La démocratie n’est pas d’abord affaire de droit ; elle est affaire de volonté collective. Elle n’est pas née dans les textes, mais dans les places publiques, dans les luttes populaires, dans la volonté partagée de vivre ensemble sous des règles acceptées par tous. Pourtant, les sociétés modernes, notamment en Occident, ont progressivement voulu traduire cette volonté en lois, pensant fixer dans le marbre juridique ce qui relève en réalité du vivant, du mouvant, de l’inspiration des peuples. C’est là une erreur d’interprétation qui, hélas, a été importée en Afrique sans discernement.
Limiter les mandats, c’est contraindre le choix du peuple. C’est lui dire : même si vous souhaitez reconduire un dirigeant, vous ne le pouvez pas. Ce n’est donc pas un garde-fou démocratique, mais bien une barrière imposée à la souveraineté populaire. Car la vérité, aussi dérangeante soit-elle, est que l’on peut être acclamé après quatre mandats comme être rejeté après un seul. Et cela, seul le peuple peut en décider, dans la liberté de son suffrage et la transparence des urnes. Nul besoin d’un article de la Constitution pour dicter ce que le peuple peut ou ne peut pas vouloir. Ce n’est pas un bout de papier qui fonde la légitimité, c’est le consentement libre et renouvelé des citoyens.
L’histoire même de la limitation des mandats démontre sa nature profondément contextuelle. Ce n’est ni une règle sacrée, ni un principe universel. Elle est née dans le contexte américain, d’un accord tacite après les mandats de Franklin D. Roosevelt, réélu quatre fois entre 1932 et 1944, en pleine crise économique puis en pleine guerre mondiale. Pour prévenir les risques de dérive autoritaire et permettre à d’autres figures de la nation de se projeter vers le pouvoir, une norme a été instaurée – non pas au nom d’une vérité démocratique absolue, mais en fonction d’une situation particulière. Cette norme ne fut d’ailleurs constitutionnalisée qu’en 1951, avec le 22e amendement. En faire aujourd’hui une règle intangible de la démocratie, applicable uniformément à tous les pays, c’est méconnaître son origine et trahir sa logique.

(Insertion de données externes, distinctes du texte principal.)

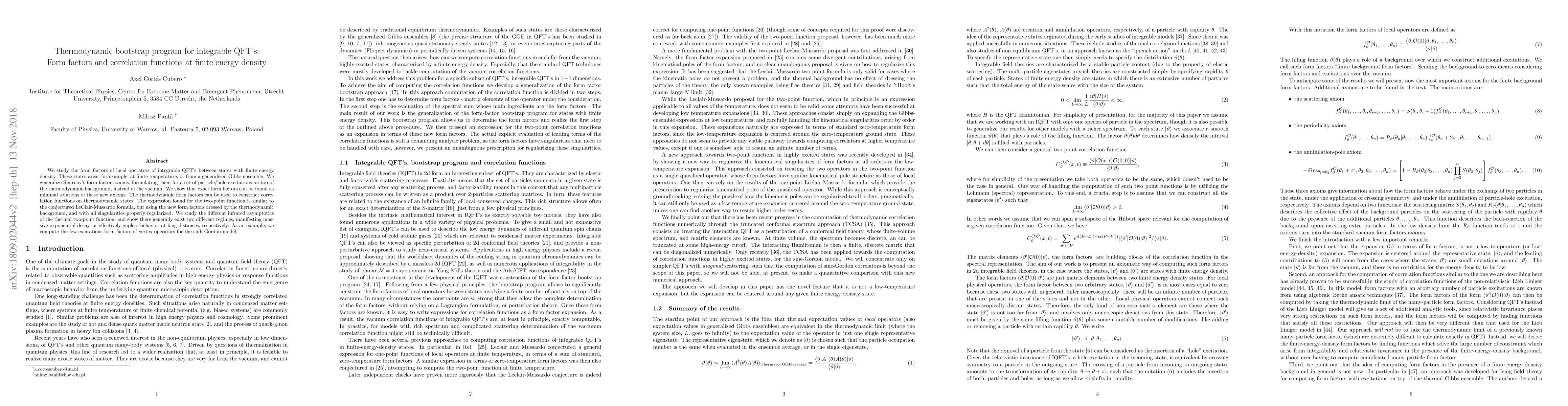 This paper develops a thermodynamic bootstrap program for integrable quantum field theories (QFT) to determine form factors and correlation functions at finite energy density. It generalizes Smirnov's form factor axioms for states with thermodynamic background, revealing exact form factors and constructing correlation functions, including a regularized version of the LeClair-Mussardo formula.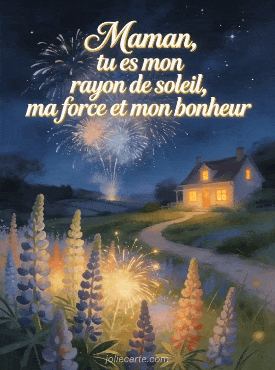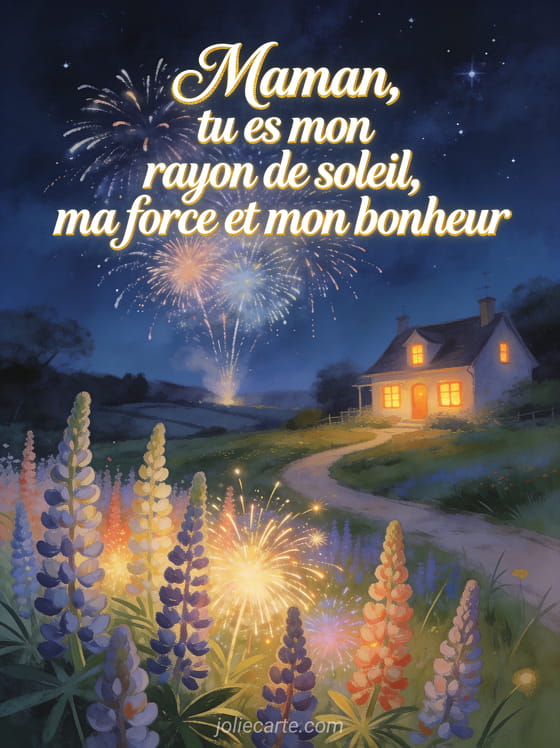 Maman, tu es mon rayon de soleil, ma force et mon bonheur une carte avec un beau texte pour la fĂȘte des mĂšres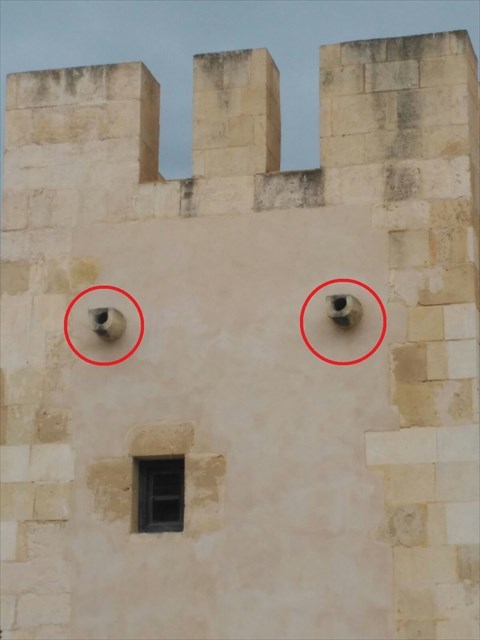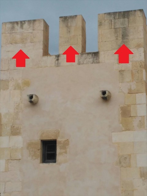 Para obtener la incógnita B y llegar a las coordenadas finales, debes observar de nuevo la torre Castillo. En los cuatro laterales de la torre encontrarás unos elementos sobresalientes que sirven para evacuar el agua de lluvia.

Mais le plus grand mal réside peut-être ailleurs. Il est dans cette tendance généralisée à plaquer sur l’Afrique des modèles sans discernement, à copier des mécanismes sans les adapter, à confondre le jeu politique – qui varie selon les histoires, les peuples et les cultures – et le jeu démocratique – qui est d’abord un cadre ouvert où le peuple arbitre librement. Or, nos contemporains, en Afrique, refusent souvent de distinguer ces deux dynamiques. Ils y voient un tout indissociable, une orthodoxie intouchable. C’est là une source de confusion majeure.
Ce qu’il nous faut, ce ne sont pas des règles figées, calquées mécaniquement sur des démocraties anciennes, mais des processus électoraux solides, crédibles, équitables. Ce qu’il nous faut, ce ne sont pas des limitations imposées d’en haut, mais des choix assumés d’en bas. Car la démocratie, la vraie, n’est ni occidentale, ni orientale, ni tropicale : elle est là où le peuple a confiance dans le processus et accepte pacifiquement son verdict. Le reste n’est que gesticulation politicienne, travestie en principes de gouvernance.
C’est à cette lucidité que l’Afrique est aujourd’hui appelée. À cette capacité de penser ses institutions à partir de ses réalités, de forger ses outils à partir de ses aspirations, de bâtir sa démocratie à partir de sa propre voix. Le nombre de mandats n’est pas une norme démocratique. C’est une option politique. Ne pas le comprendre, c’est condamner nos nations à vivre dans l’ombre d’une démocratie importée, plutôt que dans la lumière d’une souveraineté assumée.